House debates

Monday, 10 November 2008

Committees

Electoral Matters Committee; Report

5:04 pm

Photo of Michael DanbyMichael Danby (Melbourne Ports, Australian Labor Party) Share this | Hansard source

In speaking on this report of the Joint Standing Committee on Electoral Matters, the Advisory report on the Commonwealth Electoral Amendment (Political Donations and Other Measures) Bill 2008, I want to commend the committee’s chair, the honourable member for Banks, for his firm conduct of this inquiry; he was collegial but he was firm. I thank other members of the committee for their contributions. I also acknowledge the secretariat’s work to support the committee’s deliberations.

Some of you will know that I am not sure that the issue of political donations is the most important issue in the area that the electoral matters committee looks at—the democratic reform of Australia.
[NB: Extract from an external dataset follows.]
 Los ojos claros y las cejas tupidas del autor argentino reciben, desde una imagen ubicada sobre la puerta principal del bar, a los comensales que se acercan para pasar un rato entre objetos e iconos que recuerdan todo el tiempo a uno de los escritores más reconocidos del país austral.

In particular, I would have thought that issues emerging from the last government’s regressive legislation, issues of provisional voting and early closure of the roll, are just as important. It is my contention that, in the area of provisional voting, the changes that the previous government wrought to the electoral legislation probably affected three or maybe four seats at the last federal election in a way that disadvantaged the current government.
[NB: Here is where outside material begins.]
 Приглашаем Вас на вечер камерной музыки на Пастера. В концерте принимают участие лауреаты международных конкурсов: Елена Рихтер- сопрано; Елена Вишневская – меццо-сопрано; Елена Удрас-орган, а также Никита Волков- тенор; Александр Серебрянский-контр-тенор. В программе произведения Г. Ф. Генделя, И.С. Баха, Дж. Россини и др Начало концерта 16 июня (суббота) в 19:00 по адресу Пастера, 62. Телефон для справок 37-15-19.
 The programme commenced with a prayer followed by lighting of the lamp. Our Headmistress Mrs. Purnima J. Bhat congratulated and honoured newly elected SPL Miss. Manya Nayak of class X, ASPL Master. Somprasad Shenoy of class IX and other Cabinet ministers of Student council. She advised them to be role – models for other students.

Having said that, I do not really think that this inquiry, in another sense, was necessary. It was forced on us by the Senate when the government did not have a majority—and it still does not have a majority. The Rudd government has a clear mandate for this piece of legislation. At the time the Howard government foreshadowed the legislation which this bill overturns, we said we would oppose it. When the Joint Standing Committee on Electoral Matters conducted its inquiry into the Howard government’s legislation, we exposed many of its deficiencies and the Labor members of the committee wrote a minority report saying why we would oppose it. During the last election campaign, the then opposition pledged to overturn this harmful, regressive and undemocratic legislation, and now that we are in government we are carrying out that commitment.

The opposition members of this committee, led by the deputy chair, the honourable member for Cook, have presented a dissenting report to the committee’s report. This is, of course, their right. But they cannot claim that this legislation came as a surprise to them. We said all along—and I personally said many times in this House before the election and publicly—that we opposed the Howard government’s damaging changes to our electoral laws and that we would repeal them as soon as we had the opportunity to do so. So opposition members are entitled to go on arguing the case for discredited legislation but they cannot deny that we have a mandate to overturn it. Opposition members said in their dissenting report:

A responsible government would adopt a holistic, broad, bi-partisan view of the issue and most importantly, consider what is in the best interests of the community and our democracy.

I am delighted to see that the opposition has been converted to the principle of bipartisanship now that they are out of government. I am entitled to ask how much bipartisanship the previous government showed when it rammed electoral laws through both this House and the Senate in 2006.